Instructions to follow: No pictures, nothing altered: return the data below.

Dataset entries:
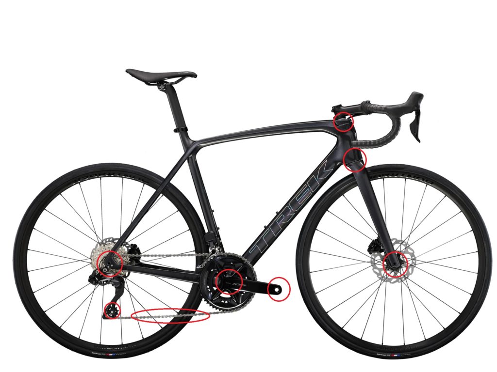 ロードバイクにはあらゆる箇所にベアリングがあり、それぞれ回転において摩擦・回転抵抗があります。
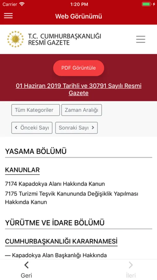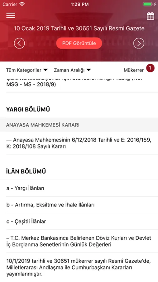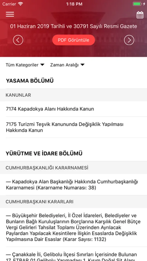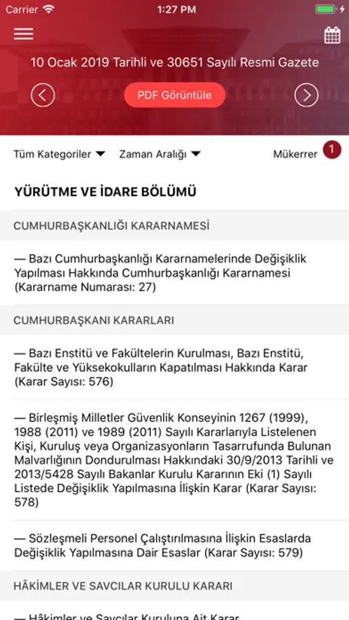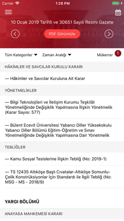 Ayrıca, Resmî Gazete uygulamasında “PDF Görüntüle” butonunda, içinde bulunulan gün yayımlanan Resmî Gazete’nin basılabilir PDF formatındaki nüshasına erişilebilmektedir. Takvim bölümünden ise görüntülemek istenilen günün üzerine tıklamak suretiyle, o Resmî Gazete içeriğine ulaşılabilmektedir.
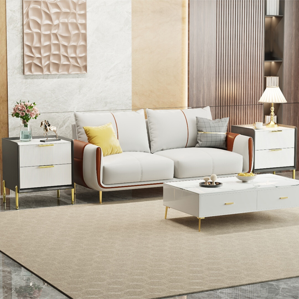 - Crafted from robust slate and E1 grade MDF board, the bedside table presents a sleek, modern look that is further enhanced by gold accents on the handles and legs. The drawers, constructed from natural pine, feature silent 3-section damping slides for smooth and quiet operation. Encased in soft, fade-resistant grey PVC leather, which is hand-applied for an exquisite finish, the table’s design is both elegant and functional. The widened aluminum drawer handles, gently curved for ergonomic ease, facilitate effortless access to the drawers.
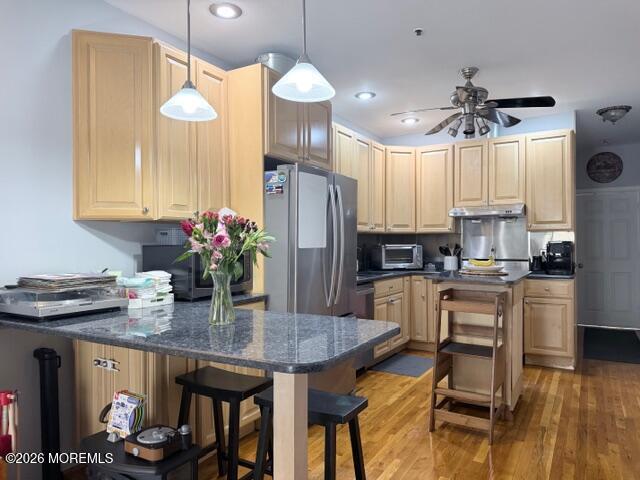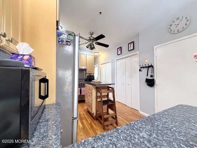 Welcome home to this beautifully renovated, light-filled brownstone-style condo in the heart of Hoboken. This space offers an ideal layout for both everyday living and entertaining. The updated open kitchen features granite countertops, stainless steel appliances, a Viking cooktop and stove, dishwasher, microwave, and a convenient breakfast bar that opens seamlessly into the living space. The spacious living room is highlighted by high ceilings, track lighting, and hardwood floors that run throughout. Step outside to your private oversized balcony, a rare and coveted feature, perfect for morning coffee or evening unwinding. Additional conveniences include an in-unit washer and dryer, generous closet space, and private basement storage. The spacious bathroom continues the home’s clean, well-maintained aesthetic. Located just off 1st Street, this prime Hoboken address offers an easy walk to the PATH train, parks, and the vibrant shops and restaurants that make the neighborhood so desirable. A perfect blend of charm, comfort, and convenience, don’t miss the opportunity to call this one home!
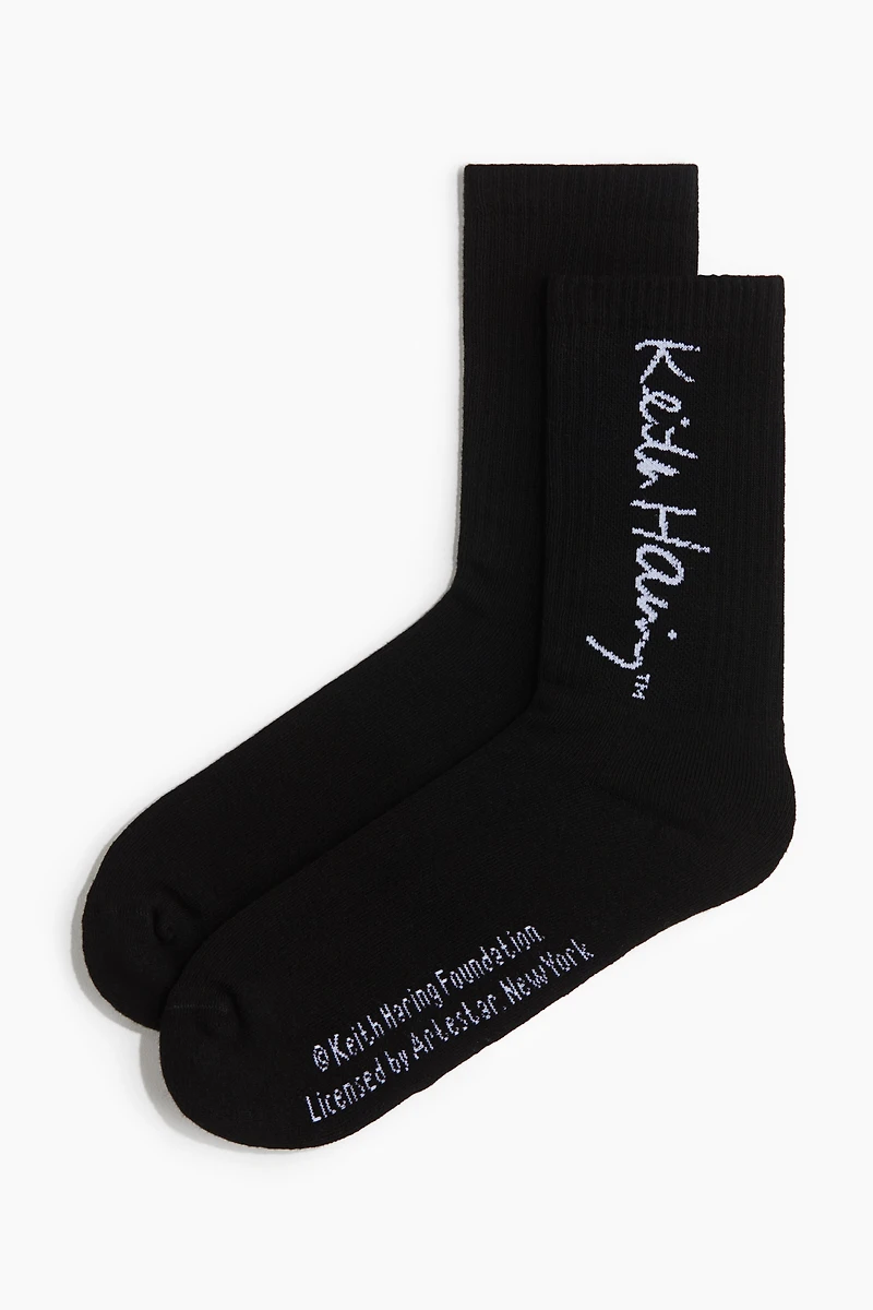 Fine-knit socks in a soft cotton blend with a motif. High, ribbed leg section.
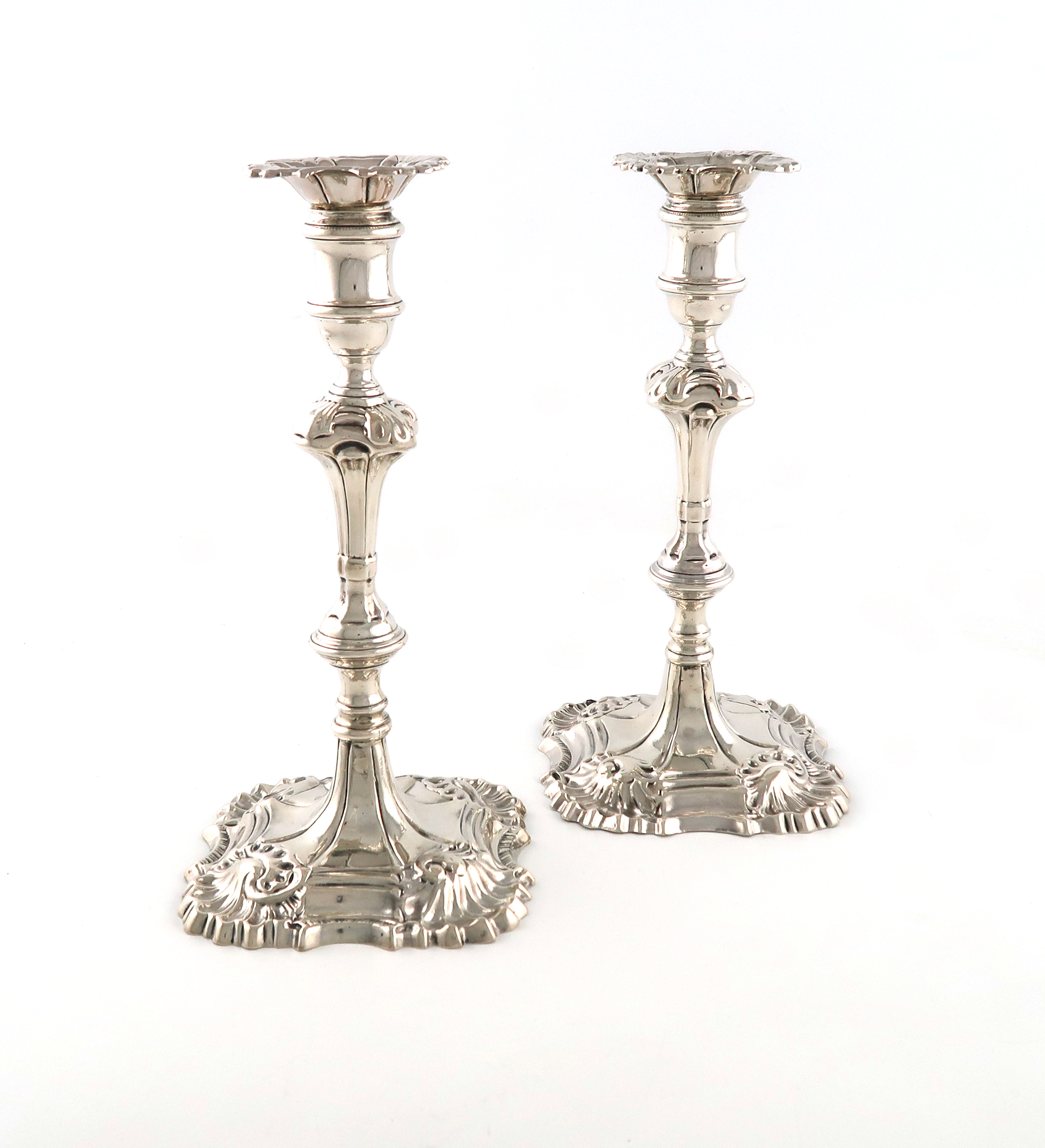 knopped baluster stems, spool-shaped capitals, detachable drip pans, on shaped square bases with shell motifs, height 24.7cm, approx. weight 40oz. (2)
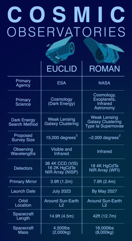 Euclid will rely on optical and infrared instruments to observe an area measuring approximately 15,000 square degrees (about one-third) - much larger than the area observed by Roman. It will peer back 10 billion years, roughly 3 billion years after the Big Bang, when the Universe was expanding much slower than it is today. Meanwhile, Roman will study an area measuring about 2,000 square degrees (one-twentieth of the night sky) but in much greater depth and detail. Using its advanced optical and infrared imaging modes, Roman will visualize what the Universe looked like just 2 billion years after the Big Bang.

Solution for this task:
 ロードバイクにはあらゆる箇所にベアリングがあり、それぞれ回転において摩擦・回転抵抗があります。
 Ayrıca, Resmî Gazete uygulamasında “PDF Görüntüle” butonunda, içinde bulunulan gün yayımlanan Resmî Gazete’nin basılabilir PDF formatındaki nüshasına erişilebilmektedir. Takvim bölümünden ise görüntülemek istenilen günün üzerine tıklamak suretiyle, o Resmî Gazete içeriğine ulaşılabilmektedir.
 - Crafted from robust slate and E1 grade MDF board, the bedside table presents a sleek, modern look that is further enhanced by gold accents on the handles and legs. The drawers, constructed from natural pine, feature silent 3-section damping slides for smooth and quiet operation. Encased in soft, fade-resistant grey PVC leather, which is hand-applied for an exquisite finish, the table’s design is both elegant and functional. The widened aluminum drawer handles, gently curved for ergonomic ease, facilitate effortless access to the drawers.
 Welcome home to this beautifully renovated, light-filled brownstone-style condo in the heart of Hoboken. This space offers an ideal layout for both everyday living and entertaining. The updated open kitchen features granite countertops, stainless steel appliances, a Viking cooktop and stove, dishwasher, microwave, and a convenient breakfast bar that opens seamlessly into the living space. The spacious living room is highlighted by high ceilings, track lighting, and hardwood floors that run throughout. Step outside to your private oversized balcony, a rare and coveted feature, perfect for morning coffee or evening unwinding. Additional conveniences include an in-unit washer and dryer, generous closet space, and private basement storage. The spacious bathroom continues the home’s clean, well-maintained aesthetic. Located just off 1st Street, this prime Hoboken address offers an easy walk to the PATH train, parks, and the vibrant shops and restaurants that make the neighborhood so desirable. A perfect blend of charm, comfort, and convenience, don’t miss the opportunity to call this one home!
 Fine-knit socks in a soft cotton blend with a motif. High, ribbed leg section.
 knopped baluster stems, spool-shaped capitals, detachable drip pans, on shaped square bases with shell motifs, height 24.7cm, approx. weight 40oz. (2)
 Euclid will rely on optical and infrared instruments to observe an area measuring approximately 15,000 square degrees (about one-third) - much larger than the area observed by Roman. It will peer back 10 billion years, roughly 3 billion years after the Big Bang, when the Universe was expanding much slower than it is today. Meanwhile, Roman will study an area measuring about 2,000 square degrees (one-twentieth of the night sky) but in much greater depth and detail. Using its advanced optical and infrared imaging modes, Roman will visualize what the Universe looked like just 2 billion years after the Big Bang.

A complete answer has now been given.